EXERCISE OBJECTIVE –
Leave the pictures in the listing below aside and reproduce exactly the lines starting with the one with "V-MAXX Combinés filetés" and going on through the one with "Готовые домашние задания", both ends included.

** EXERCISE INPUTS follows **

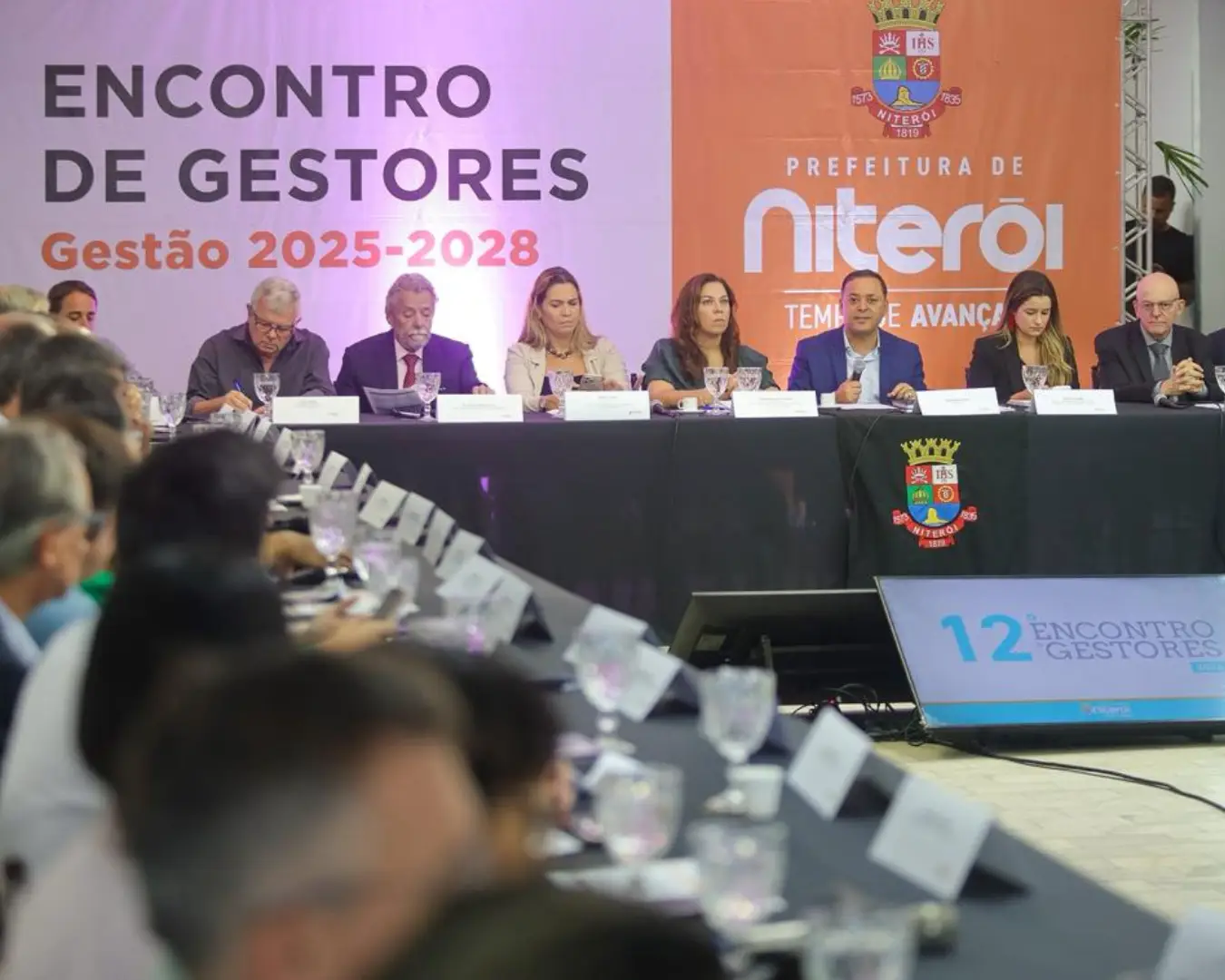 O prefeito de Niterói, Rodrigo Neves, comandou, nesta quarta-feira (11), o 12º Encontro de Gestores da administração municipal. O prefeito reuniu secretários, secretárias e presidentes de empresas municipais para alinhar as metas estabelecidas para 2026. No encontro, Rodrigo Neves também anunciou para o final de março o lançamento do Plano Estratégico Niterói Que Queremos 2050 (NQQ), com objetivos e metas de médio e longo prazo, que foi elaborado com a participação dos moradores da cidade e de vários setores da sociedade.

** End of EXERCISE INPUTS **
** EXERCISE INPUTS follows **

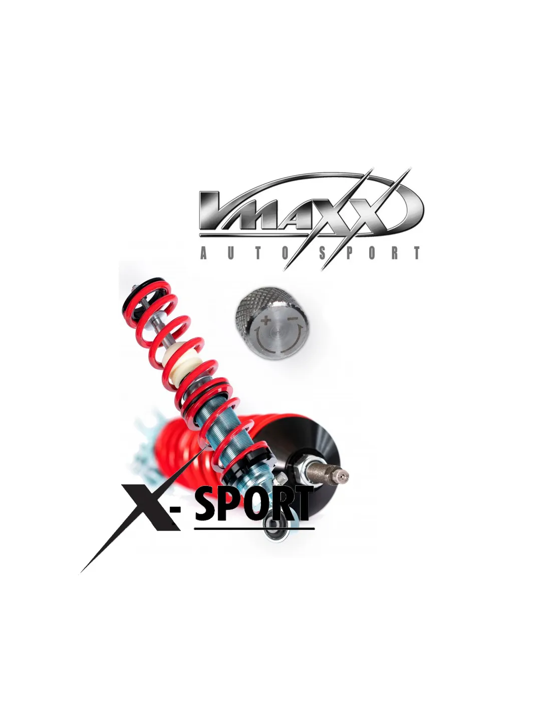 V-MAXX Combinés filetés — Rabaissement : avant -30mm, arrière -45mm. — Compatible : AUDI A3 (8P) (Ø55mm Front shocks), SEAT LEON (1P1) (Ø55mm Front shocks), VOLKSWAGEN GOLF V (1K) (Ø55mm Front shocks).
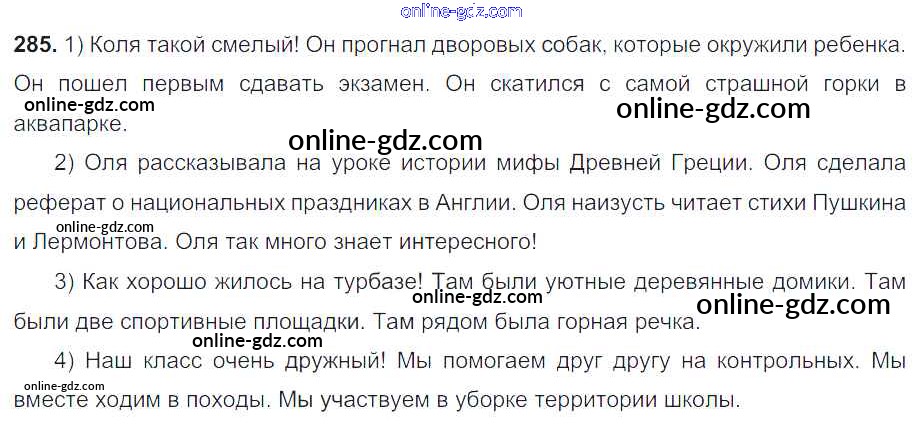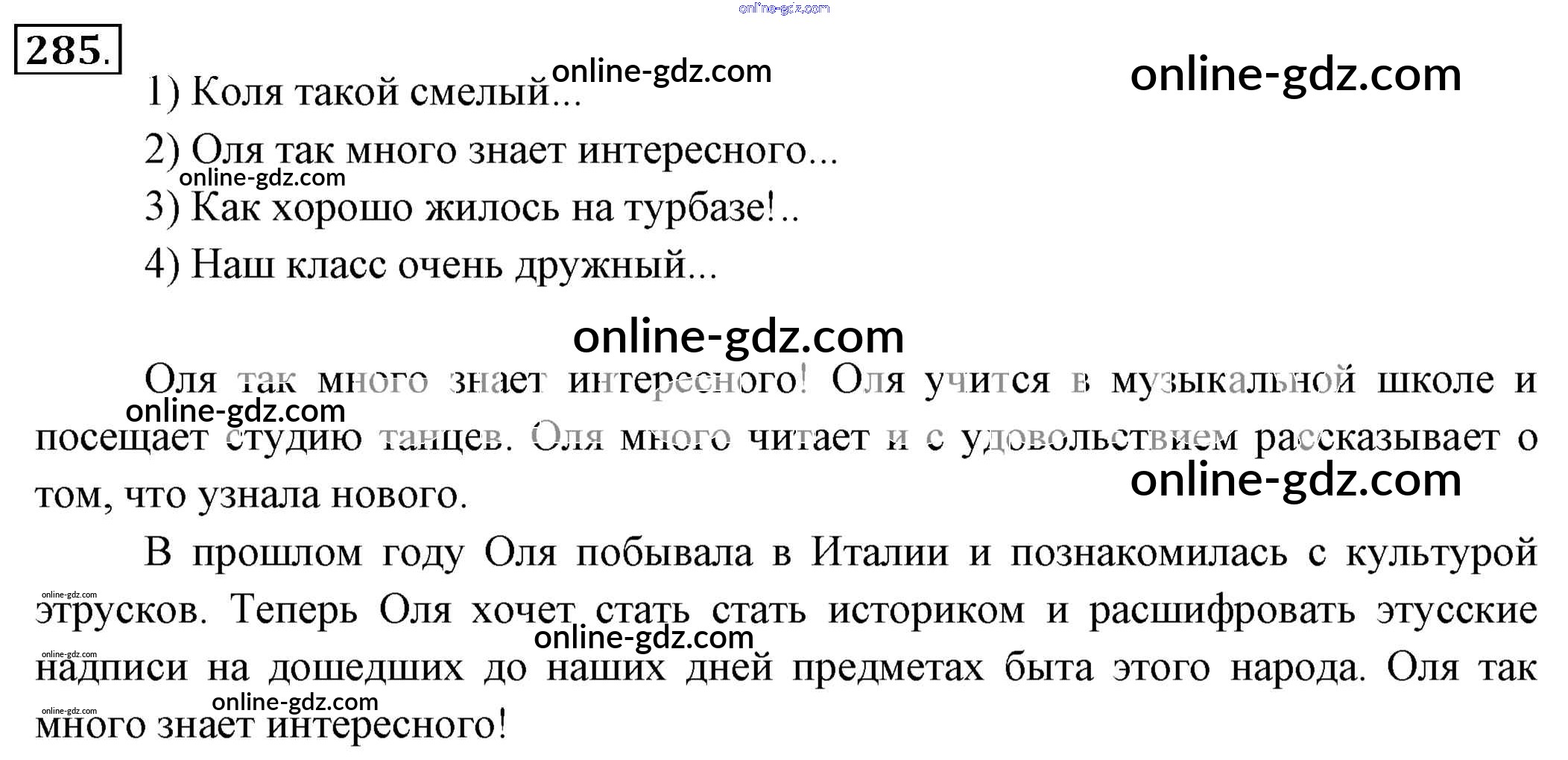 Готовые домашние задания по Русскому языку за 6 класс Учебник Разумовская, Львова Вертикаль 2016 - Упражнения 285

** End of EXERCISE INPUTS **

ANSWER TO THIS EXERCISE –
 V-MAXX Combinés filetés — Rabaissement : avant -30mm, arrière -45mm. — Compatible : AUDI A3 (8P) (Ø55mm Front shocks), SEAT LEON (1P1) (Ø55mm Front shocks), VOLKSWAGEN GOLF V (1K) (Ø55mm Front shocks).
 Готовые домашние задания по Русскому языку за 6 класс Учебник Разумовская, Львова Вертикаль 2016 - Упражнения 285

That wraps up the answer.